ENKS, an opposition group in Rojava, is a member of the Syrian National Coalition, an opposition umbrella group supported by Turkey.
Agid said that they “hand over” information on anything new that occurs in the region, including reports that Syrian militias have entered people’s homes in Afrin and are preventing families from returning to their villages. He also said that fighters have raped women.
“This is something which is far from socially moral,” he said, adding that they have informed Turkey about such reports
The ruling coalition in Rojava, TEV-DEM, is also engaged in diplomatic efforts for Afrin. Co-leader Aldar Khalil said that they have increased their diplomatic efforts in an interview with ANF media.
Related: ENKS urges int'l protection for Afrin, condemning PYD policy
"[Turkish President] Erdogan faces tough times. For example, Afrin's invasion won't be as he wants. In the short-term, he can occupy Afrin, but in the long-term, there are difficult days ahead. His actions will have grave consequences,” Khalil said.
Turkey considers the main Kurdish groups in Rojava, the armed YPG/YPJ and the political party PYD, to be branches of the PKK, a named terror organization. Turkish forces, backing Syrian militias, launched a military campaign against Afrin canton on January 20, framing it as a counter-terror operation.
Turkey declared they had control of the canton two months later.
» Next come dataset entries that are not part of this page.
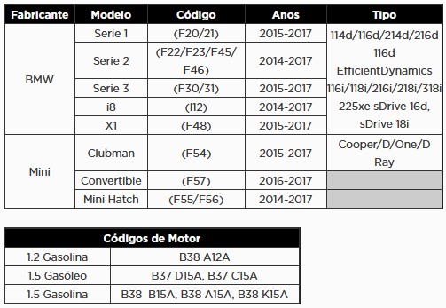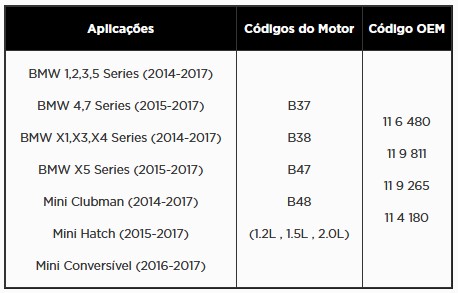 Aplicações motores: B38, (1.2 e 1.5) B48, (2.0), B58 (3.0)
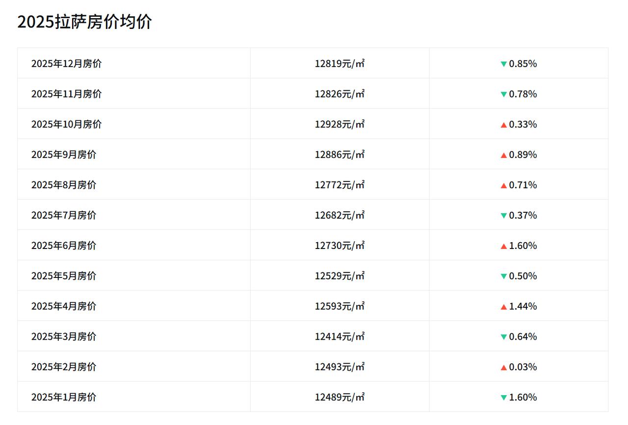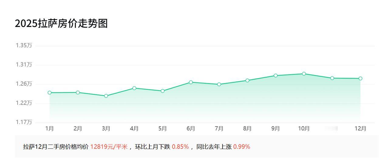 2015年11月,拉萨二手房均价5980元; 2016年11月,拉萨二手房均价7656元; 2017年11月,拉萨二手房均价9170元; 2018年11月,拉萨二手房均价11169元; 2019年11月,拉萨二手房均价12012元; 2020年11月,拉萨二手房均价12451元; 2021年11月,拉萨二手房均价12847元; 2022年11月,拉萨二手房均价12578元; 2023年11月,拉萨二手房均价12227元; 2024年11月,拉萨二手房均价12777元; 2025年11月,拉萨二手房均价12826元。 漫心r在整理拉萨近十年房价的时候发现,拉萨的房价真不便宜,从均价上来看,比一些二线城市的房价还高,今天,漫心r就用十年的数据(2015-2025年)并结合当地的经济人口数据,聊一聊这件事,漫心r认为有以下几个原因: 1、拉萨经济发展势头十足,2024年拉萨GDP 990.04亿元,2025年前三季度拉萨GDP同比增长7.1%,这个增速放眼全国也是名列前茅的; 2、拉萨的城镇人口有64.03万人,城镇化率达73.06%,外来购房需求占比20%-30%,有那曲、山南等地居民大量迁入,并且有大量旅游从业者在此定居; 3、由于高寒缺氧、年施工期短、材料运输成本高等原因,拉萨的建筑成本比内地高30%以上; 4、拉萨年接待游客超3000万人,短租和民宿市场推涨房价,并且由于南北山绿化等工程限制城市扩张,导致新增住宅用地稀缺。 拉萨这座日光城,与其他城市相比,有其特殊性,她是世界知名的高原旅游城市,拥有独特的文化底蕴和旅游资源,但也面临着每个城市都会遇到的规律制约。
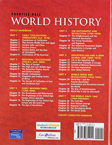 Prentice Hall World History Survey Edition Student Edition, Survey Edition Developed specifically for the first part of a two-year global history course, this text covers world history through the Enlightenment period. Some events in history are so dramatic that words alone can’t convey their impact. Moving first-person accounts, gripping visuals, and integrated audio and video make this high school world history program a fresh way to unlock world history content. Thematic concepts show students why history matters today. Writing, reading, and vocabulary, critical thinking, and note-taking instruction help students understand world history and ensure content mastery for all learners. Features and Benefits Sights and sounds of the past Integrated first-person accounts in text, audio, and video allow students to witness historical events as never before. Help students see the big ideas Our unique Concept Connector gives students the tools to systematically track key histroical themes that unfold across time and place. High-impact visuals ensure content mastery Innovative marriage between information, graphics, and interactivity helps all students understand standards-based content.
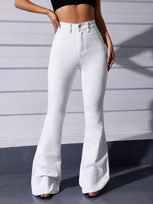 Women Deep White High-Rise Bootcut Fit Stretchable Jeans
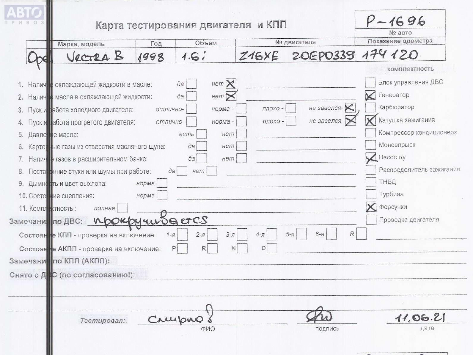 | Автомобиль / VIN: | P1696 W0L0JBF19W1356877 |
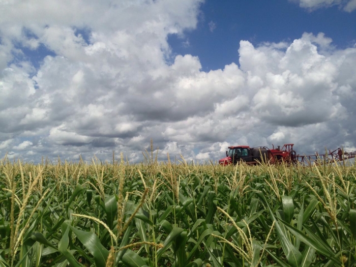 Aplicação de fungicida na lavoura de milho em Toledo (PR), do produtor Amilton Donassolo
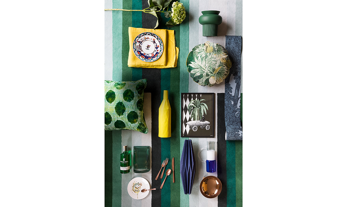 Piatti piani Stack Funk Plates e dessert Undercover Imari Plates [Mineheart € 37,48 e da € 21,08 cad], posate Taste in acciaio inox pvd [€ 198,99 il servizio da 24] di [Sambonet] come la ciotola Penelope, tovaglioli [Lisa Corti], calici trasparenti Tutù e bicchieri verdi High Rise [Ichendorf].
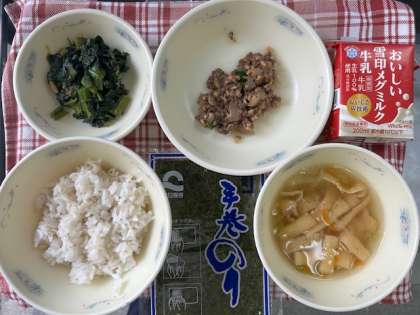 ご飯と肉みそ納豆をのりで巻いて手巻きおにぎりにして食べました。

The YPG announced it would continue to fight the Turkish forces and Syrian militias, launching a guerrilla-style campaign.
More than 137,000 civilians remain displaced from Afrin and another 50,000 to 70,000 are estimated to have remained in Afrin city, according to UN figures.
Nearly a month after military operations finished, Khalil said that three quarters of the population are displaced from their homes. “This proves that there is oppression,” he said, vowing that they will continue resistance operations at home and abroad.
Related: Turkish-backed interim council elected in Afrin: state media
On the ground in northern Syria, the Kurdish forces are allied with the US-led coalition in the war against ISIS. Kurdish leaders have also met with European officials, including French President Emmanuel Macron.
Turkey’s President Recep Tayyip Erdogan has denied they seek to “occupy” Afrin, saying the plan is to hand the region over to its “real owners.”